▶ [WHAT THIS TASK INVOLVES]
Give the data below again exactly as written, but without the pictures.

▶ [DATA SEGMENT]
Content starts
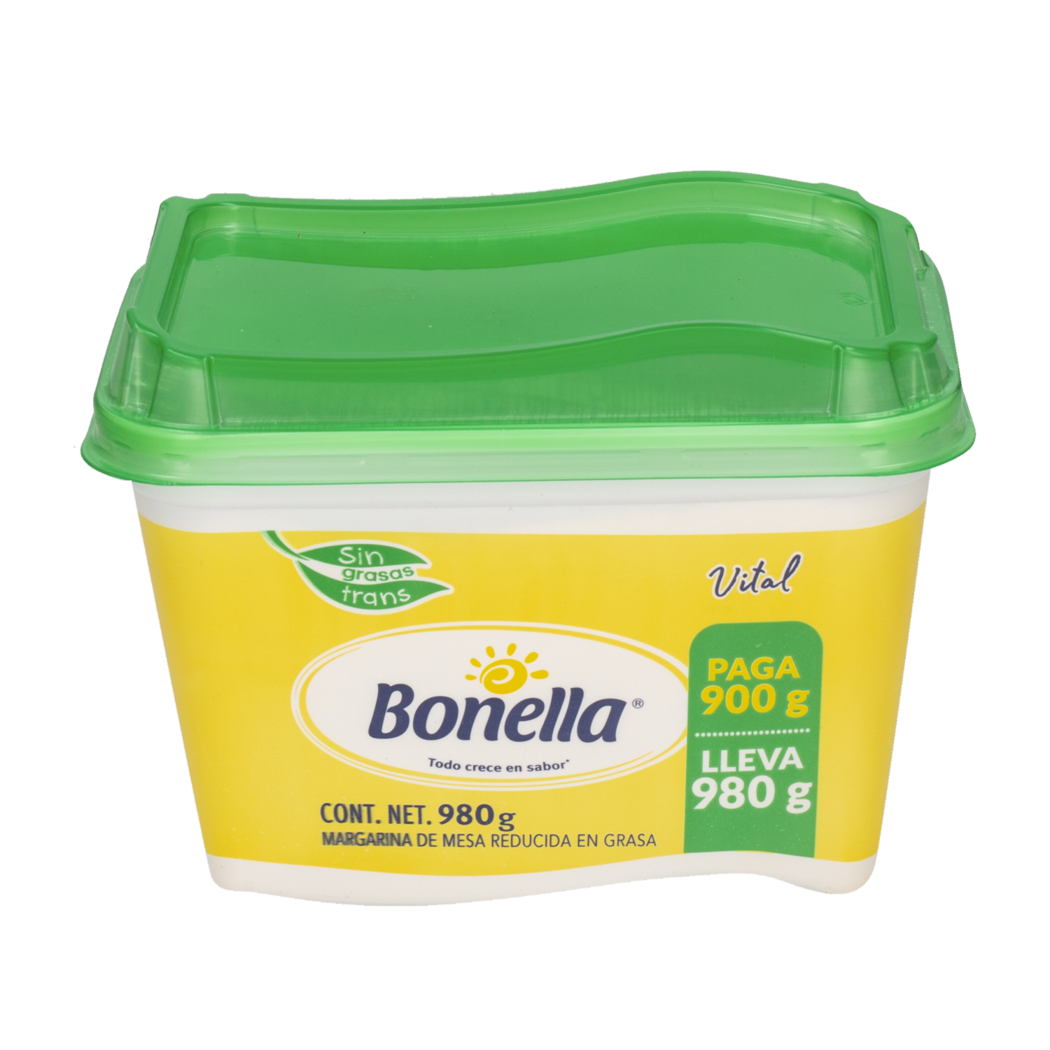 - La "margarina Vital Bonella 980 G" Es Un Producto Alimenticio Que Se Utiliza Como Sustituto De La Mantequilla En La Cocina Y La Repostería. La Margarina Es Una Grasa Vegetal Que Se Elabora A Partir De Aceites Vegetales Y Suele Tener Un Contenido Menor De Grasas Saturadas En Comparación Con La Mantequilla
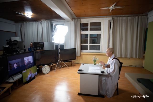 900여 명이 접속한 가운데 스님은 책상 앞에 놓인 꽃을 소개하며 대화를 시작했습니다.
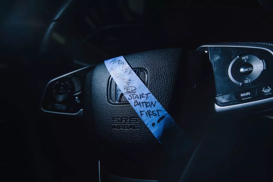 我可以顺着小巷肆意地开,避开了并排停着的运钞车,在工地周围转悠。这次简短的兜风就像一次漫无目的外出。我开出的每一厘米,遇到的每一个景物,甚至为了避开布林克卡车所越过的每一条双线,都被装在挡风玻璃顶上(后视镜正上方)的设备记录了下来。
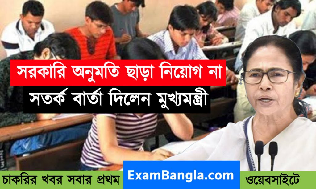 শিক্ষা দপ্তরের নিয়োগ নিয়ে দুর্নীতির অভিযোগে রাজ্যের হাইকোর্টে মামলা চলছে। রাজ্যের বড় বড় রাঘববোয়ালরা মামলার জেরে সিবিআইয়ের হেফাজতে রয়েছেন। এই পরিস্থিতিতে শিক্ষা দফতরের নিয়োগ নিয়ে রাজ্যের মুখ্যমন্ত্রী এদিন শিক্ষামন্ত্রীর উদ্দেশ্যে সর্তকের বার্তা দিলেন। তিনি এদিন বলেন, অর্থ দফতরের অনুমতি ছাড়া অস্থায়ী কিংবা চুক্তিভিত্তিক কোনোরূপ নিয়োগ না করার। অর্থাৎ সরাসরি অনুমতি ছাড়া নিয়োগে “না” মুখ্যমন্ত্রীর।
Content ends
▶ [RESPONSE TO THE EXERCISE]
 - La "margarina Vital Bonella 980 G" Es Un Producto Alimenticio Que Se Utiliza Como Sustituto De La Mantequilla En La Cocina Y La Repostería. La Margarina Es Una Grasa Vegetal Que Se Elabora A Partir De Aceites Vegetales Y Suele Tener Un Contenido Menor De Grasas Saturadas En Comparación Con La Mantequilla
 900여 명이 접속한 가운데 스님은 책상 앞에 놓인 꽃을 소개하며 대화를 시작했습니다.
 我可以顺着小巷肆意地开,避开了并排停着的运钞车,在工地周围转悠。这次简短的兜风就像一次漫无目的外出。我开出的每一厘米,遇到的每一个景物,甚至为了避开布林克卡车所越过的每一条双线,都被装在挡风玻璃顶上(后视镜正上方)的设备记录了下来。
 শিক্ষা দপ্তরের নিয়োগ নিয়ে দুর্নীতির অভিযোগে রাজ্যের হাইকোর্টে মামলা চলছে। রাজ্যের বড় বড় রাঘববোয়ালরা মামলার জেরে সিবিআইয়ের হেফাজতে রয়েছেন। এই পরিস্থিতিতে শিক্ষা দফতরের নিয়োগ নিয়ে রাজ্যের মুখ্যমন্ত্রী এদিন শিক্ষামন্ত্রীর উদ্দেশ্যে সর্তকের বার্তা দিলেন। তিনি এদিন বলেন, অর্থ দফতরের অনুমতি ছাড়া অস্থায়ী কিংবা চুক্তিভিত্তিক কোনোরূপ নিয়োগ না করার। অর্থাৎ সরাসরি অনুমতি ছাড়া নিয়োগে “না” মুখ্যমন্ত্রীর।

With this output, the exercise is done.